Heights University Hospital in Jersey City shutting its emergency room Saturday night
Heights University Hospital, formerly known as Christ Hospital, is set to shutter its emergency room Saturday night.
The shutdown will leave thousands with fewer emergency care options. The hospital has been in the community for 150 years.
Local community members, union leaders and area officials have been trying to prevent the closure. Jersey City Mayor James Solomon called the closure "not acceptable."
Solomon is calling on Gov. Mikie Sherrill and attorney general to file an immediate injunction to stop the closure and allow the state Department of Health to run it.
"You can not close a hospital on your own wits. There is a law and a process and procedures that must be followed, and we must make the law mean something. We must enforce the law that exists on the books today, not allow corporations to treat the law as optional," Solomon said.
A spokesperson for Sherrill said Hudson Regional Health circumvented regulations as it closed the hospital, racking up thousands in penalties which the state aims to collect.
A small group of protesters gathered outside the hospital Saturday morning. Another group is set to stage a "die-in" outside the hospital Saturday afternoon.
Christ Hospital closed last November and laid off 150 employees. At the time, it promised to keep the emergency room open. The hospital blamed the closure on cuts to federal funding and state charity care.
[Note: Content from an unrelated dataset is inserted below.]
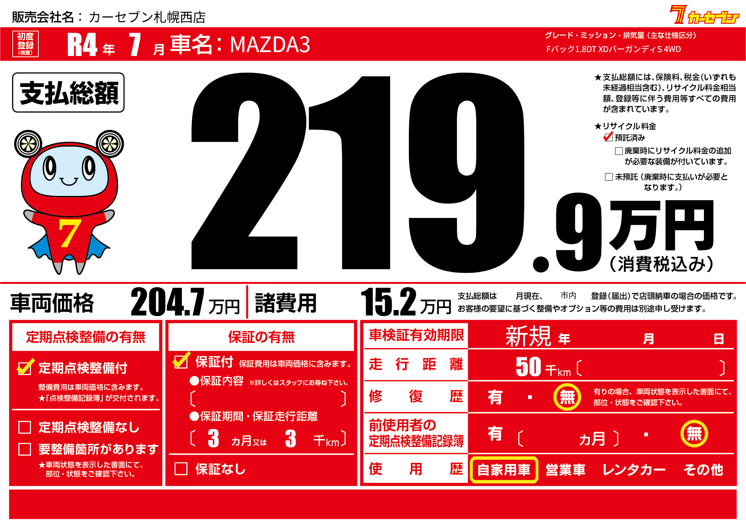 | 車名 | MAZDA3 | グレード ミッション 排気量 |

The full closure was initially announced a little more than two weeks ago, and then Hudson Regional Health, its new owners, said it would spend $1 million to keep the ER open for an additional two weeks. A hospital spokesperson said the only way the ER could stay open beyond that would be if it received help from the state.
Hudson Regional Health said 65% of the people who use the facility are either charity care, undocumented, on Medicaid, or self pay.